AVRUPA YEŞİL MUTABAKATI DEĞİŞİMİN ÖNCÜSÜ OLDU

Rakamların da gösterdiği gibi otomotiv endüstrisi Türkiye'de hem istihdam hem de ihracat açısından son derece önemli. Dünya otomotiv endüstrisindeki bu 'yaratıcı yıkım' döneminde ister binek ister ticari olsun araçlar birer akıllı cihaza dönüşüyor. Elektrikli araçlar da bu dönüşümün belki de en güçlü parçası... Sektörün sıfır karbon hedefleriyle uyumlu olarak elektrikli araçların yanında otonom ve paylaşımlı araç teknolojileri de giderek yaygınlaşıyor.

Türkiye için bu konunun en önemli yanı, yaklaşık yüzde 77 payı ile en büyük pazarı olan Avrupa ülkelerinin iklim değişikliğini gözeterek sürdürülebilir gelecek sağlayan bir mobilite çerçevesi geliştirmeye öncülük etmesi.

Yeşil dönüşümü öncelikle gündem maddesi haline getiren AB, Avrupa Yeşil Mutabakatı (AYM) ile sürdürülebilirlik konusundaki sınırlarını belirledi. Bu doğrultuda fosil yakıtlı araçları hızla terk eden Avrupa ülkelerinde hedef, 2035'e gelindiğinde tüm yeni araçların sıfır emisyonlu olarak satışa sunulması. Halihazırda AB pazarında 2022'de dizel araçların pazar payı yüzde 16'ya, benzinli araçların pazar payı yüzde 36'ya geriledi. Buna karşılık alternatif enerjili araçların toplam pazar payı yüzde 45'i aşarken, elektrikli araçların payı bu oranın içerisinde yüzde 12'ye ulaştı. Elektrikli araçlar konusunda öne çıkan ülkeler Norveç, İsveç, Danimarka gibi Kuzey Avrupa Ülkeleri. Almanya'da elektrikli araç satışları 2022'de 830 bin adet olarak gerçekleşti. Birleşik Krallık'ta 370 bin, Fransa'da 330 bin adede ulaştı.
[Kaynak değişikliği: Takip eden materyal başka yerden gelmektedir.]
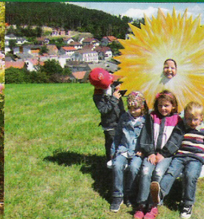
Dorferneuerungs- und Verschönerungsverein Hollenthon Familien - Wetterlehrpfad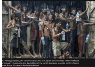
13 Rohingya migrants, who were found at sea on a boat, collect rainwater during a heavy rain fall at a temporary shelter camp near a port in Yangon, Myanmar, while Myanmar remains, northern border with Bangladesh.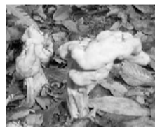
ノポリリュウタケ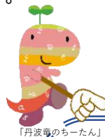
「丹波島のちーたん」

Her ne kadar Almanya'nın talepleri doğrultusunda e-fuel (sentetik yakıtlar) ile çalışan araçlar ile ilgili bir düzenlemeye gidilse de benzinli ve dizel araçlar ile ilgili geri adım atılmadı. Bu konuya değinen Baran Çelik, "Sentetik yakıt ile çalışan araçlar da karbon nötr araçlar. Dolayısıyla içten yanmalı motorlu araçlar ile ilgili majör bir değişikliğe gidildiğini söyleyemeyiz. Diğer yandan tüketici tercihleri açısından da sürdürülebilirlik lehinde değişim başlamış durumda. Tüm bu gelişmelerle üretim, tüketim ve lojistikte karbon salınımının azaltılması zorunlu hale geliyor" diyor.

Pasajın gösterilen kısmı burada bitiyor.